Halloween stuff is everywhere right now and so you can’t help but start to get in the mood…though for the record Costco had out Christmas stuff and that did not put me in the mood for that holiday. People ask me what crazy things I am making for Halloween and I usually tell them nothing, which makes them sad so I decided this year to change that. You will really love what is going up Monday, super cute. I’ve already captured the Halloween spirit by buying candy, I am a sucker for all things mini and that’s all Halloween candy is (I especially love the mini gummy bears). And I of course buy candy corn.
I planned on making these cupcakes three times now. It took the third time to make it happen since I ate the first two bags of candy corn before I successfully did not eat the third bag. At first I was going to make candy corn cookies but I couple people were already doing that and so I decided to go in a different direction. Last year I made candy corn ice cream by just using candy corns and whipped cream and so I decided to take that and use that idea and turn it into frosting for cupcakes. That idea turned out to be a good one.
These are not overly sweet like you would think. Adding the extra whipped cream at the end helps to mellow out the sweetness but still give the candy corn flavor! I don’t give a recipe for the cupcakes as they are just white cupcakes but do tell you how to make them in the recipe.
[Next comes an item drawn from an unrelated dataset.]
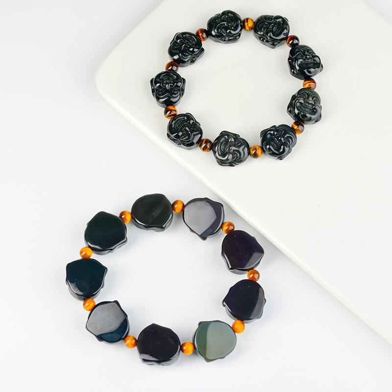 [Nombre del Producto]: Pulsera de Cabeza de Buda de Obsidiana Arcoíris

These are a fun treat for kids and adults alike.
On a side note thanks for the well wishes for my mom, she is doing well. Though going stir crazy already as that woman likes to go, go, go. Bed rest and her are not friends.
Candy Corn Whipped Cream Frosting
3 cups heavy whipping cream (40% works best), divided
1 cup candy corn
1 tsp. cornstarch
1 cup powdered sugar
In a sealable container add candy corn and two cups of heavy whipped cream. Place in fridge for at least 6 hours, but overnight is even better.
Take out of fridge and strain the liquid from the candy corn and place into a stand mixer fitted with the whisk attachment. Whisk on high until it forms stiff peaks. Remove and put in a separate bowl.
Add the remaining heavy cream and cornstarch to bowl and whisk on high, adding the powdered sugar ¼ cup at a time until stiff peaks are formed.
Add the candy corn flavored whipped cream back into the bowl and whisk together on high speed until incorporated.
Keep in fridge until ready to frost fully cooled cupcakes.
This is enough frosting for 12 cupcakes depending how you frost.
To make the cupcakes simply take your favorite white cake recipe or just use boxed white cake. Divide the batter into three parts. Keep one white. Make one yellow with food coloring. Make one orange with food coloring. Layer the colors and bake as directed.